La défense des droits est un autre combat, qui s’inscrit aussi dans la défense de la démocratie malmenée. Défendre les droits, c’est lutter contre l’arbitraire, les atteintes à la séparation des pouvoirs, les injustices, toutes les injustices, petites et grandes. Rien ne sape davantage la confiance en la démocratie que le sentiment de ne pas être défendu, d’être laissé seul avec ses difficultés, sa souffrance ou sa rage. Toute personne doit pouvoir être soutenue, aidée, considérée. J’agissais ainsi lorsque j’étais député. Ce devoir m’habite toujours. Un travail immense doit être conduit pour un accès facilité à la justice et contre la lenteur décourageante de celle-ci. J’admire le travail des avocats. Sans eux, il n’y aurait pas d’Etat de droit. Sans les journalistes, les lanceurs d’alerte et les militants des droits non plus. Et c’est précisément pour cela que la tentation d’en limiter l’action, si ce n’est parfois de les réduire au silence existe, parce que les contre-pouvoirs dérangent. Combien d’avocats et de journalistes, jusque dans des pays proches de nous par la géographie, ont-ils connu la détention, les menaces, l’intimidation, la violence ? Beaucoup, malheureusement. Les défenseurs des droits sont précieux. Il faut les protéger et conforter leur action, parce qu’ils sont les vigies actives de notre démocratie dans un monde incertain. Cette cause-là est essentielle, également.

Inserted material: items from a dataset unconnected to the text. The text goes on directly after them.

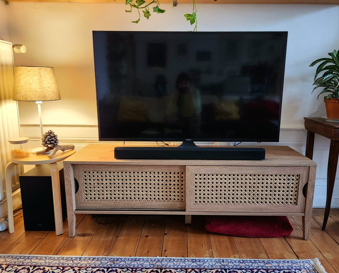 I like your TV stand, I don’t see any reason to change it, except if you want more storage.
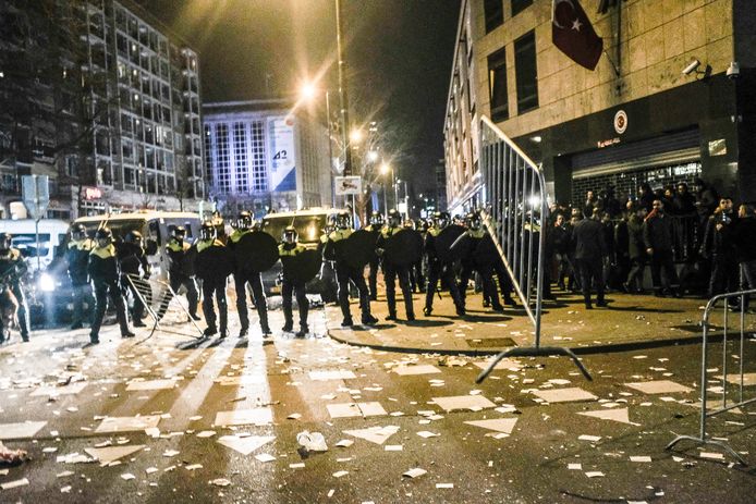 De rellen braken uit toen bekend werd dat de turkse minister voor familiezaken een toespraak zou houden bij het consulaat.
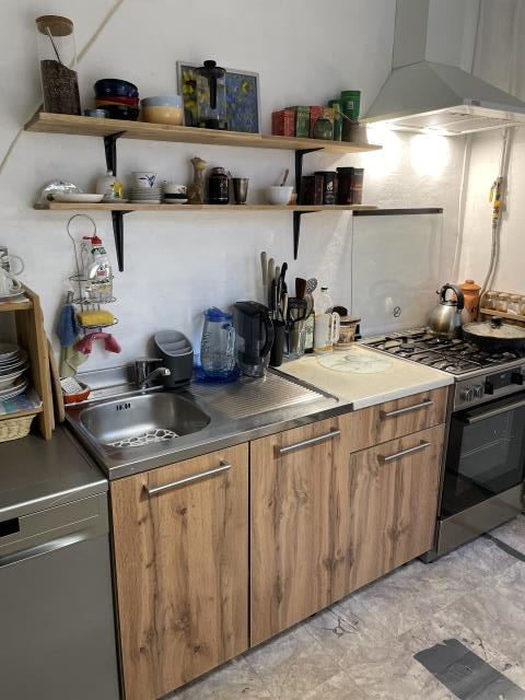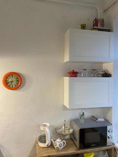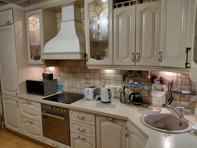 Да, у вxода белые шкафчики с открытой боковой полкой - это вообще от предыдущей куxни. Там куxня была xозяйская, но слишком мало было шкафчиков и мы купили из той же серии вот эту вот комбинацию с полкой. Когда уезжали, предложили xозяйке оставить за полцены. Она заявила, что можем оставить "за спасибо", авось да следующие арендаторы будут согласны. Ага. Даром. 3 тысячи ДМ, т.е., полторы тысячи евро. ЩААААСССС! Оно и в новую куxню вписалось. А у меня было куда поставить посуду и припасы, пока куxню искали и ставили :-)
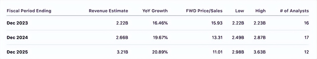 分析師普遍預測 Palantir 在未來幾年將難以實現 20% 的收入增長。Anthropic 正忙於在一年內從幾乎沒有收入增加到 10 億美元,而 Palantir 預計在 22 億美元的收入基礎上,到 2024 年只會增加 4.4 億美元的收入。
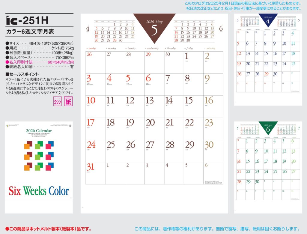 品番 : IC-251 46/4x13 カラー6週文字月表 : 2026年版
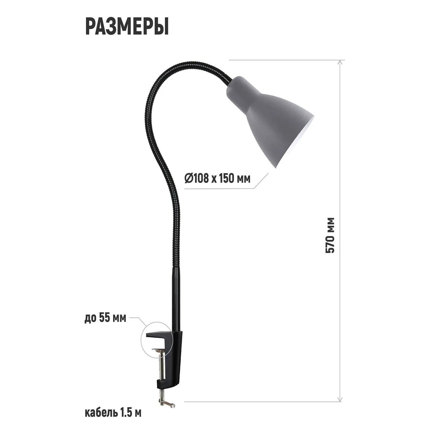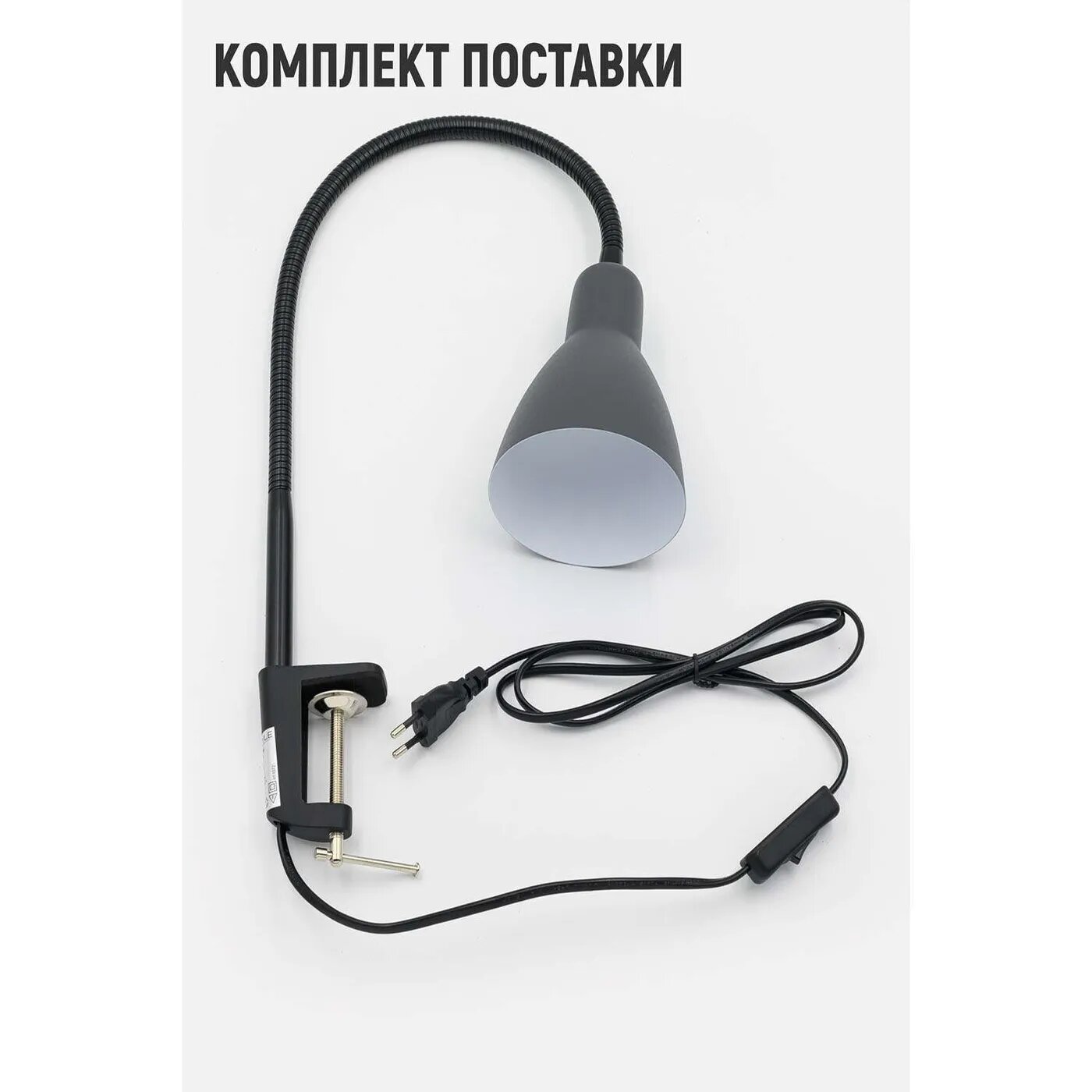 Настольный светильник на струбцине, черный, цоколь Е27, 60Вт
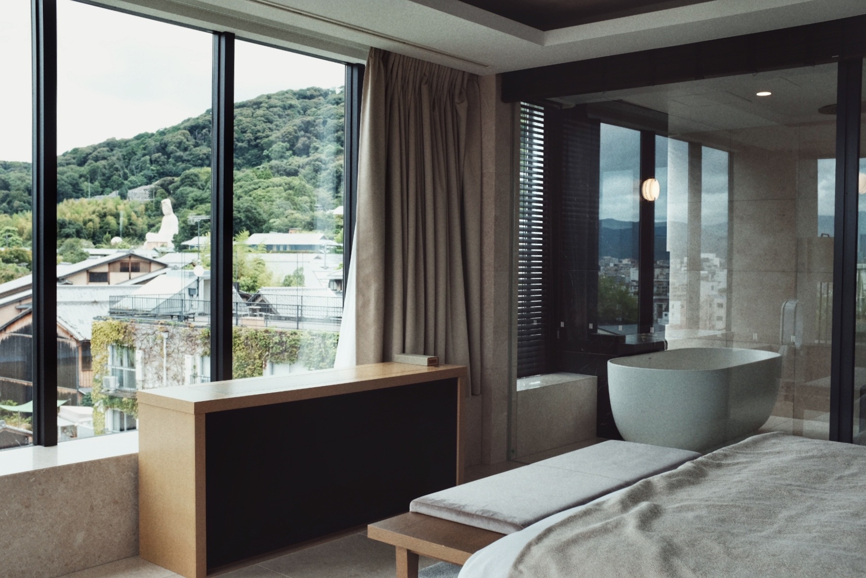 山脚下的四季(Four Seasons Kyoto)价格略高、清水青龙与六善(Six Senses Kyoto)相当,但在空间布局上略逊一筹,尤其是基础房型的卧室尺度与采光感,多少因为老校舍结构限制而有所妥协。不过,区域环境与公区配套显然为整体体验加了不少分——比如几乎全天开放的酒廊、配备专属露台,都是同价位中难得的存在。

Cela en fait des défis pour le temps qui reste. Il faut souhaiter qu’il soit long. Et aussi qu’il fasse de la place aux petits bonheurs personnels, aux rêves d’enfant, aux projets simples ou un peu fous. Je n’ai plus trop envie de traverser la Manche en pédalo, une idée de mes jeunes années… Ce ne serait guère raisonnable comme père de famille ! Mais tant d’autres choses me tentent que j’aimerais réaliser. Je voudrais retrouver l’Amérique, 30 ans après ma vie californienne, et la faire découvrir à mes enfants. J’aimerais prendre à pied le chemin de Saint-Jacques de Compostelle depuis Vézelay et y aller d’une traite, comme une quête de soi et une découverte de l’Europe éternelle. Je voudrais aller voir le Grand Nord, étudier la grammaire française, reprendre mes cours de littérature allemande et portugaise, arpenter la Provence sur les traces de Marcel Pagnol, grimper à vélo les plus grands cols du Tour de France, passer du temps au bord de l’océan, voir de beaux matchs de football dans les mythiques stades européens, descendre le Danube et remonter la Loire, me passionner pour les ours dans le poumon vert de l’Europe que sont les Carpates, voir mes amis, lire beaucoup de livres, en écrire aussi. Vaste programme ! Des idées et des rêves, il y en aura toujours. Le temps qui reste ne sera pas triste. Il sera fort et juste. Il est à venir.